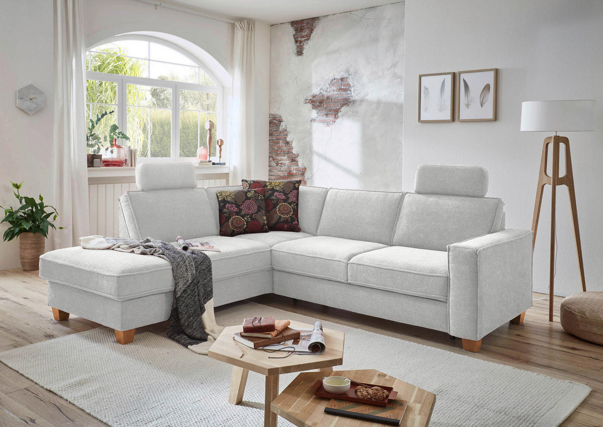 Daheim ist, wo dieses silberfarbene Ecksofa von SIT & MORE mit Flachgewebe-Bezug ist!
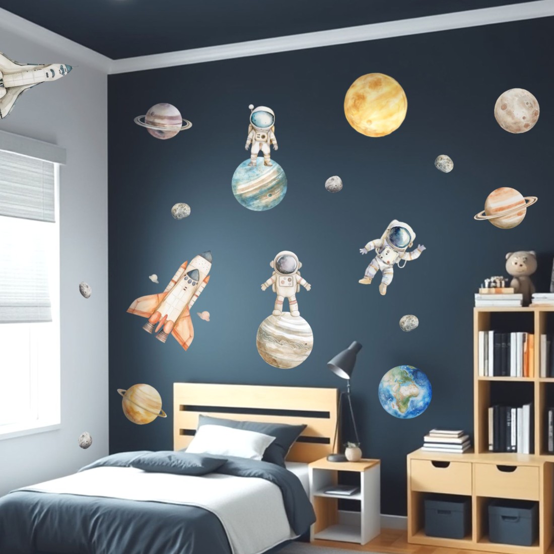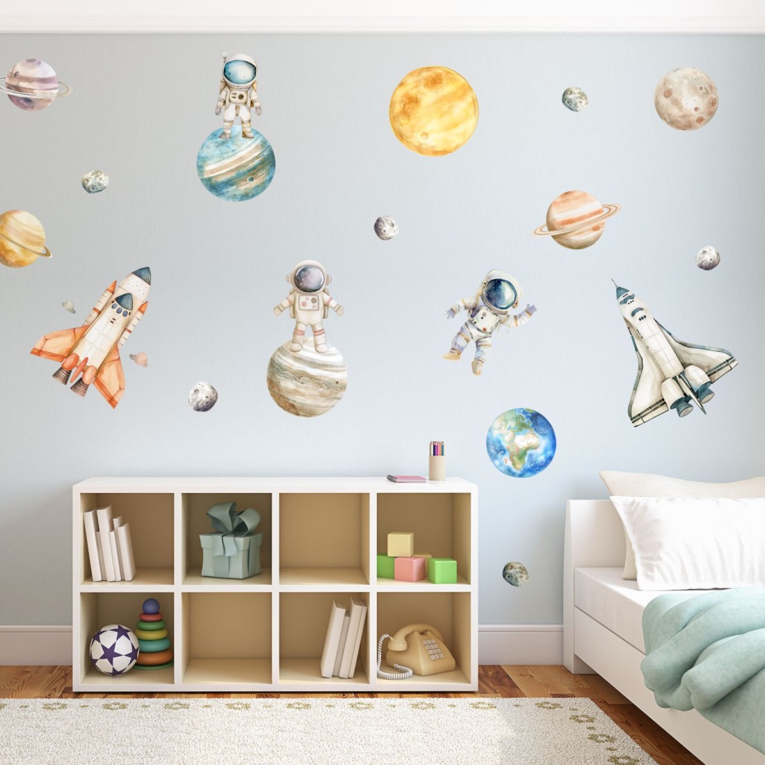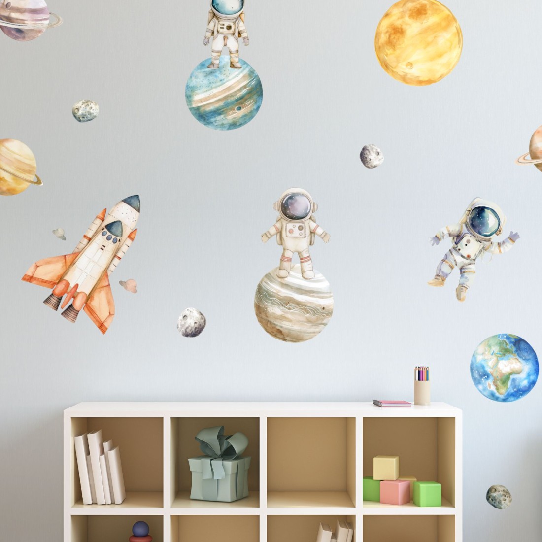Παιδικα αυτοκόλλητα τοίχου με μικρούς αστροναύτες και πλανήτες , ιδανικό για παιδικό και εφηβικό δωμάτιο αλλά και σε σχολεία, παιδικούς σταθμούς & λοιπούς εκπαιδευτικούς χώρους.
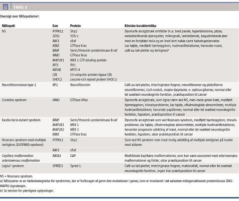 viden om de molekylærgenetiske årsager står det nu klart, at denne kliniske differentiering i nogle tilfælde kan være vanskelig, og at der findes et betydeligt klinisk overlap (Tabel 3). NS kan desuden ligne adskillige andre syndromer, herunder Turners syndrom og føtalt alkoholsyndrom [13].
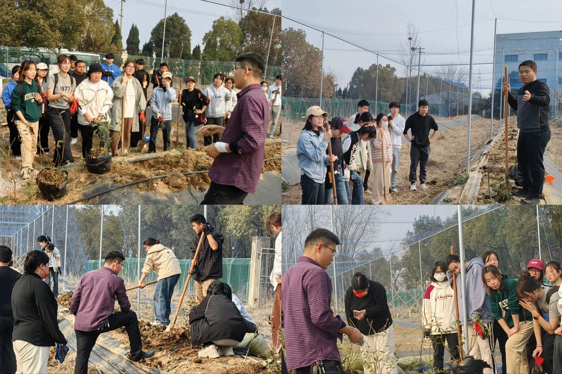 “蓝莓,喜酸性土壤,根系浅,坑深40cm即可……”现场老师刚说完要求,同学们就迫不及待地干起活来。师生们分组合作,同场竞技,每每种好一株果树,同学们都感到满满的成就感,即使铲子断了、手起泡,也无人放弃,师生们热闹的身影汇成了一幅忙碌的春耕图景。

▸ What needs to be done
Print the material above word for word, and keep the pictures out of it.

▸ Problem solution
 Daheim ist, wo dieses silberfarbene Ecksofa von SIT & MORE mit Flachgewebe-Bezug ist!
Παιδικα αυτοκόλλητα τοίχου με μικρούς αστροναύτες και πλανήτες , ιδανικό για παιδικό και εφηβικό δωμάτιο αλλά και σε σχολεία, παιδικούς σταθμούς & λοιπούς εκπαιδευτικούς χώρους.
 viden om de molekylærgenetiske årsager står det nu klart, at denne kliniske differentiering i nogle tilfælde kan være vanskelig, og at der findes et betydeligt klinisk overlap (Tabel 3). NS kan desuden ligne adskillige andre syndromer, herunder Turners syndrom og føtalt alkoholsyndrom [13].
 “蓝莓,喜酸性土壤,根系浅,坑深40cm即可……”现场老师刚说完要求,同学们就迫不及待地干起活来。师生们分组合作,同场竞技,每每种好一株果树,同学们都感到满满的成就感,即使铲子断了、手起泡,也无人放弃,师生们热闹的身影汇成了一幅忙碌的春耕图景。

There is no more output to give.